After Suzanne begins dating an environmental chemist named Kevin Weaver, whom Suzanne soon marries, Dylan then agrees to help fund Erica's new stepfather's personal project, which promotes clean beaches (a cause Dylan is passionate about). It is revealed (but not to Dylan or anyone else) that they have been conning him this whole time, and uses his cause (and longing for family) to steal his large trust fund.
Several months later. Dylan, nearly bankrupt because of the previous events, has suffered a relapse and spent the summer in Mexico, mulling over issues with Brenda, Kelly and the betrayal of his "family". Alienated with his life and life in general, Dylan keeps his financial situation a secret from everyone. After Dylan returns to Beverly Hills, he finds out that Brandon and Kelly have started dating and makes a scene at Donna's Cotillion rehearsal dinner. He mocks Kelly, who in her anger tells him that "we are so over".
Dylan then starts taking drugs, and starts sleeping with Valerie Malone, who discovers his secret about his drug problem and of his true financial situation and informs the rest of Dylan's friends. Yet, he continues in his downward spiral, until his friends hold an intervention. He agrees to go to rehab, but checks out after only one day. He then loads up on drugs and gets into a life-threatening car wreck, where (while fighting for his life) he has a series of dream about his innocent half-sister Erica, and realizes that he must clean himself up in order to save her from her evil mother Suzanne and Suzanne's partner-in-crime Kevin. Afterwards, Dylan checks back into rehab, and beats his demons once more. After he is released from rehab with most of his confidence and self-esteem back, he redoubles his efforts to track down Erica and her mother and stepfather.
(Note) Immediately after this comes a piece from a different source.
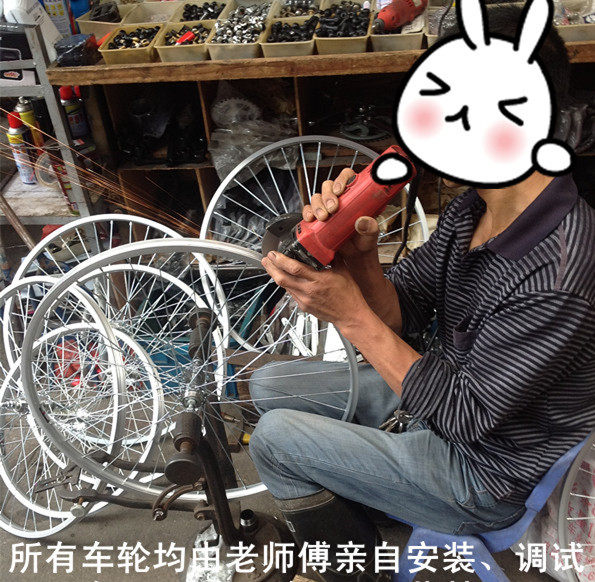 图中老师傅辐条安装好后,正在对突出部位进行打磨,以确保内胎寿命

With an investigator named "Jonesy" (and Valerie's help), they track down Kevin and Suzanne, whom are hiding out in Mexico, and after a caper, recover Erica and all of Dylan's money.
A short time after, he starts hypnotherapy in order to research a role for a screenwriter friend's (who was also in rehab) next movie. In the process of this, he discovers a past life which reveals Kelly to be his soulmate. This news, despite Kelly's ongoing relationship with Brandon, sends Dylan to confess his continued love for her. He offers her a trip around the world with him. Brandon is threatened by Dylan and proposes to Kelly, forcing her to make a choice between the two. Her answer, that "she chooses herself", is one of the most quoted and famous lines in history. Kelly chooses neither, as she loves and would always love them both. It is later said that she refuses to choose between them, not because she can't choose, but because it would destroy their friendship, similar to how it damaged hers with Brenda.
Dylan then finds out who the FBI believes killed his father, a mobster named Anthony Marchette, and decides to seek revenge. He uses the mobster's daughter, Toni Marchette to get close to him, but soon finds himself falling in love with her. Despite Dylan's feud with the mobster (to whom Toni is very close), the two eventually decide to get married and relocate to Hawaii, which results in Toni's father ordering a hit on Dylan to prevent it.
The hitmen end up accidentally killing Toni, who is driving Dylan's car in a bad rain storm at the time of the hit. Marchette distraught over his wife's death, is given a gun by and asks Dylan to kill him. Dylan refuses, harshly telling him that "My father is gone, your daughter is gone. We're even now. The killing is done." It is later revealed that Marchette kills himself shortly after that exchange. Immediately after, he leaves town on his motorcycle, taking the stray cat Toni had adopted with him.
Several months later, Donna sends an e-mail to Brenda looking for a video birthday message for Steve. She instead gets a letter from Dylan wishing Steve a happy birthday. Some time after his departure from Beverly Hills, Dylan had reconciled with Brenda and moved into her London apartment.
Shortly after his surprise return to Beverly Hills during Thanksgiving in 1998, he also sells his Porsche and burns all the money he receives from the sale since Toni died in it. He also reveals that he sold his house.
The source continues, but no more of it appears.